New Delhi: India’s teacher education regulator, the National Council of Teacher Education (NCTE), is facing 46 court cases for acting against poor quality teacher education colleges and making an effort to bar hundreds of non-performers from admitting fresh students from the coming year.

And the regulator, backed by the human resource development ministry, is moving the Supreme Court Tuesday to bring all 46 cases to the apex court and any future case that it may face on the subject.

As part of a new initiative, the regulator had asked institutions to come clean on their quality of teaching and learning environment, education outcome and infrastructure, but in last 15 days institutions moved courts across India to stop the regulator from going ahead with the move. The deadline for self disclosure ended on 31 July but now it has extended the deadline by a month to accommodate more institutions.

“As of 7 August, we are facing 46 cases in nine high courts and all in last 15 days," a government official said without divulging further details. The official requested anonymity as the matter is subjudice.

“The additional solicitor general of India is taking up our case," said the official adding that in last 15 days NCTE instead of focusing on the reform process it started is running around states to state its position.

In June, NCTE chairman A. Santhosh Mathew had told Mint in an interview that the organization has already collected preliminary data from nearly 12,000 colleges and they will closely monitor the quality of all such institutions. Those who will not come for self-disclosure may be barred from admitting fresh students from the coming year.

NCTE is looking to have an accreditation and grading system for such colleges with physical assets getting the least weightage. From now on, physical infrastructure will get 10% weight, 20% will go to academic assets, 30% to teacher transactions and 40% to student learning outcome, Mint reported on 29 June.

A segment of India’s teacher education colleges are infamous for providing poor education. And poor quality teachers are often considered as one of the key reasons why school education in India is in a poor state. And in the central teacher eligibility test, a qualifying exam to land a job, less than 15% of the aspirants pass the exam.

“First, you don’t provide quality education and run degree factories and when the government acts against you, you move the court. That’s a plan to delay or derail the clean-up process.

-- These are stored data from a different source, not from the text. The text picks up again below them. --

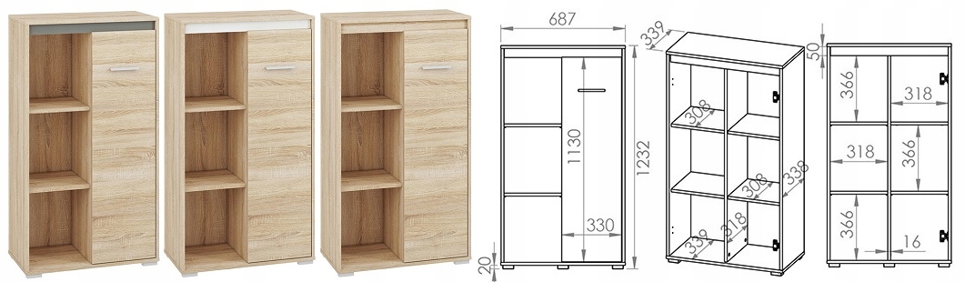 - книжный шкаф 06: 69 x 200 x 34 см.
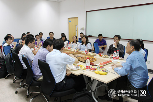 2014年5月29日,清华经管学院“院长下午茶”博士生专场活动在舜德楼223讨论室举行。经管学院院长钱颖一教授与20多位来自不同年级和专业的博士生进行了面对面的交流。在长达三个小时的交流中,钱颖一院长就博士生的学习、生活和就业等各个方面的问题与同学们进行了深入的探讨。
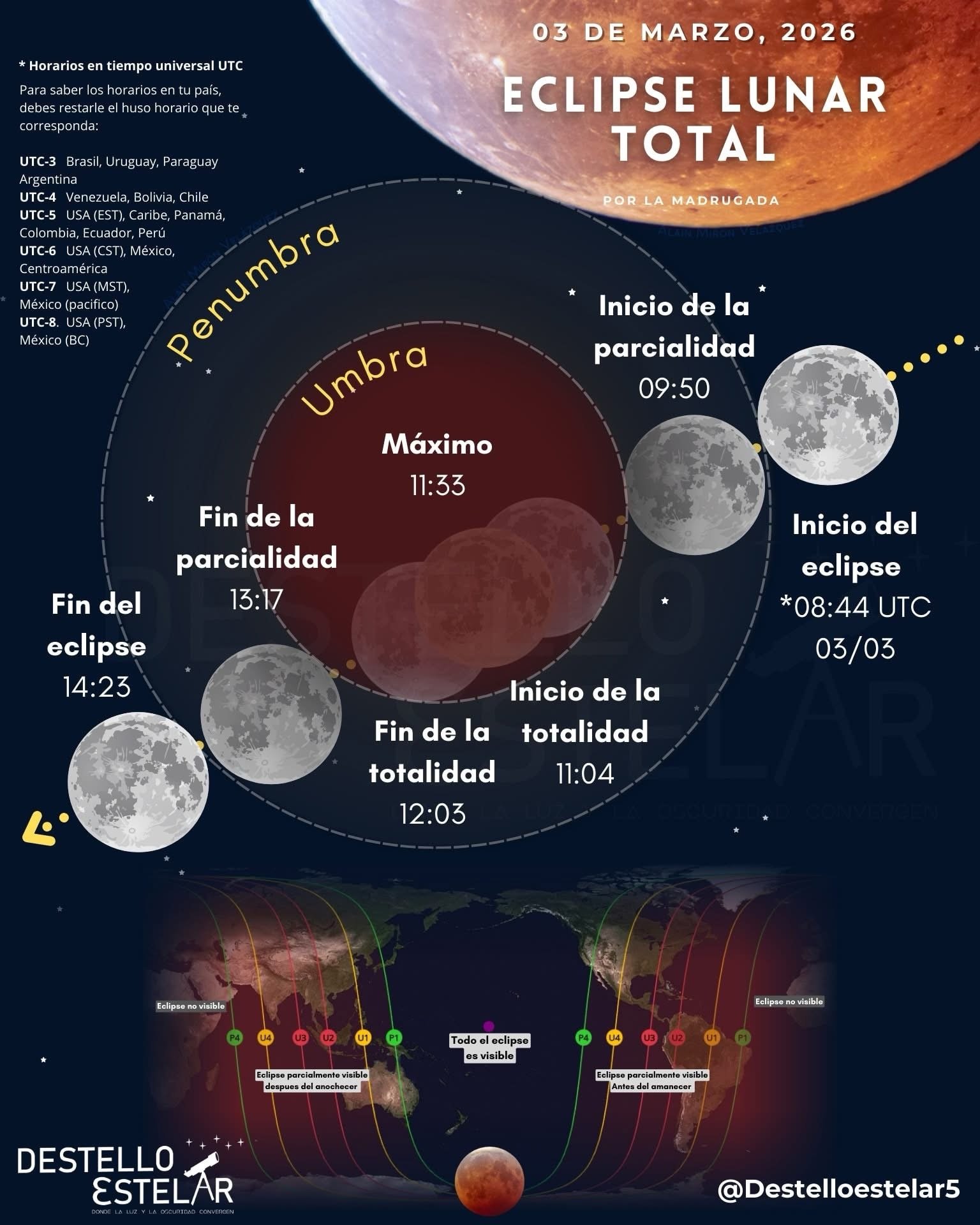 Dentro de un mes, exactamente en la madrugada del 3 de marzo, seremos testigos del primer eclipse lunar del año, se tratará de un eclipse lunar total que podrá verse desde todo el continente americano poco antes del amanecer, para conocer los horarios exactos es necesario saber el huso horario que se maneja en tu país y restar esas horas a los horarios de la infografía.

People must come clean on one basic point—are they not cheating students, aspiring teachers and the education sector which is being criticized for poor outcome," said another government official, who also declined to be named.

The NCTE has got 19 cases in Rajasthan high court, seven each in high court of Allahabad, high court of Madhya Pradesh in Jabalpur among others.

The second person said the HRD ministry has fully backed the NCTE in its initiative and minister Prakash Javadekar has already reviewed the situation more than twice in last few days.

NCTE believes educational institutes can not challenge its reform move as a Supreme Court constituted panel had asked the body to do so in 2013 and not doing so will amount to contempt of court.